1920 film by Lloyd Ingraham

Mary's Ankle is a 1920 American silent comedy film directed by Lloyd Ingraham and written by Luther Reed based upon the play of the same name by May Tully. The film stars Douglas MacLean, Doris May, Victor Potel, Neal Burns, James Gordon, and Lizette Thorne. The film was released on February 29, 1920, by Paramount Pictures.

==Plot==
As described in a film magazine, Dr. Arthur P. Hampton, a struggling young physician, announces his marriage to a fictitious "Mary Jane Smith" in an effort to get his wealthy uncle George P. Hampton to give him and his two friends, a lawyer and a broker, sufficient funds to get them out of financial difficulties. He then finds himself in a difficult position when an injured young woman is brought to his office for treatment proves to be Mary Jane Smith and his uncle appears to meet the bride. Mary consents to a temporary deception.

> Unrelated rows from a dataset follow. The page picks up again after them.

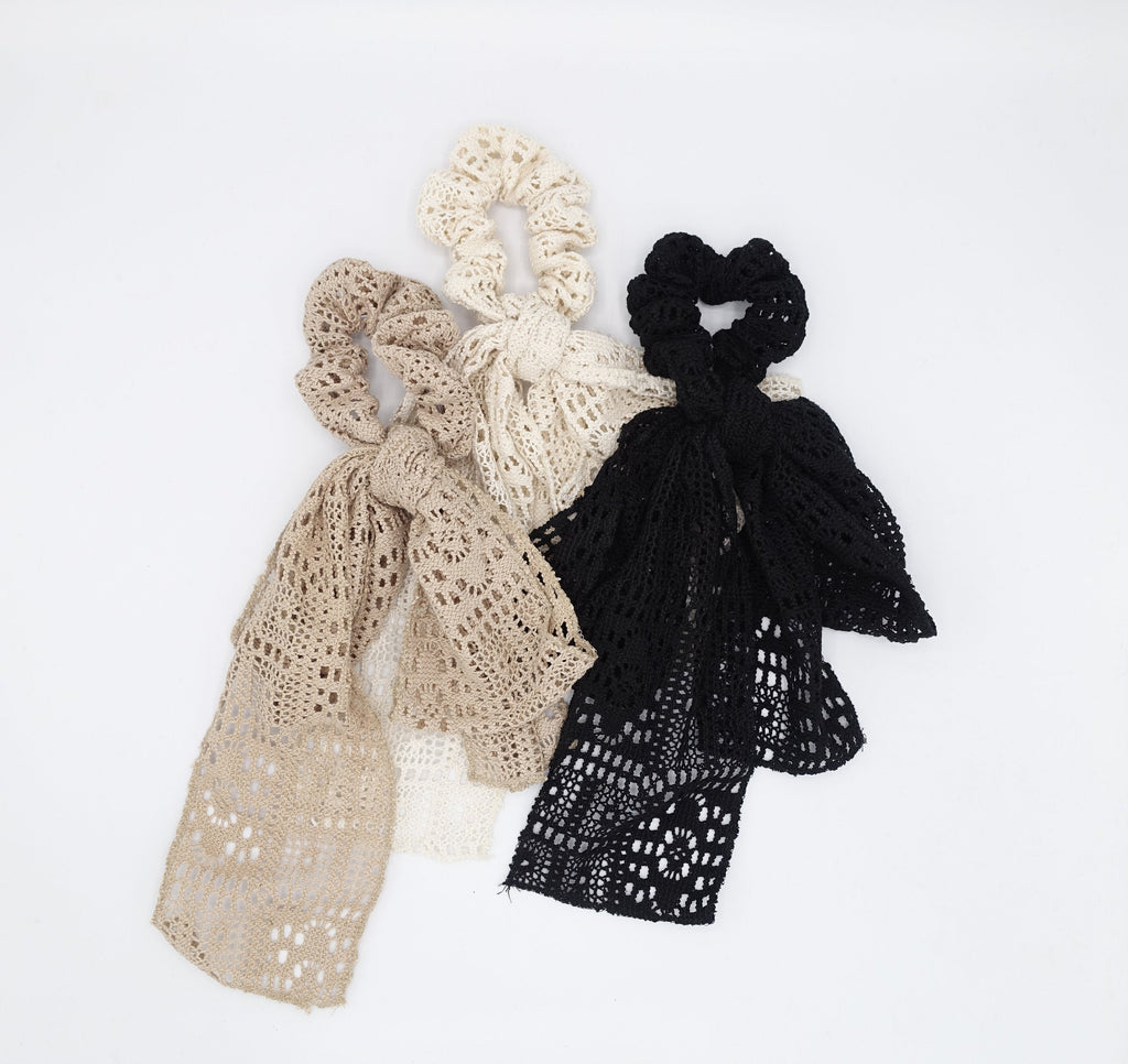 Chiffon Scrunchie with Floral Lace Edge: Feminine Hair Tie
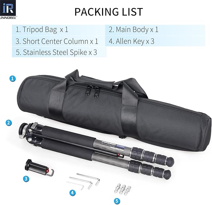 - 【PACKAGE】There is a tripod bag, a GT254C tripod, a short center column, three allen keys and three stainless steel spikes in the package.
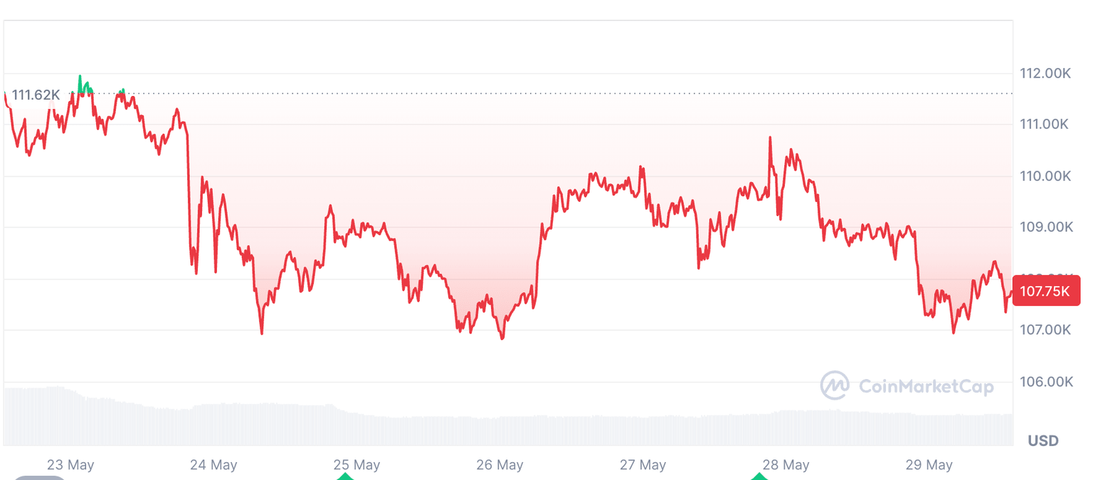 Bitcoin’s (BTC $107,814) current all-time high of $111,970 was reached on May 22, but it has since fallen to trade around $107,750, according to CoinMarketCap data.

Matters become complicated when the uncle insists on their accompanying him on a trip to Hawaii and informs them that he is to marry a Miss Burns, who is Mary's aunt. The troubles of Arthur and Mary become acute on the ship. Finally, an explanation results in forgiveness, and they make the trip a honeymoon by having the ship's captain marry them.

==Cast==
- Douglas MacLean as Dr. Arthur P. Hampton
- Doris May as Mary Jane Smith
- Victor Potel as Johnny Stokes
- Neal Burns as Stub Masters
- James Gordon as George P. Hampton
- Lizette Thorne as Angelica Burns
- Ida Lewis as Mrs. Merrivale (*Ida Lewis 1855–1935; not Julia Arthur)

==Preservation status==
A copy of the film is in the Library of Congress.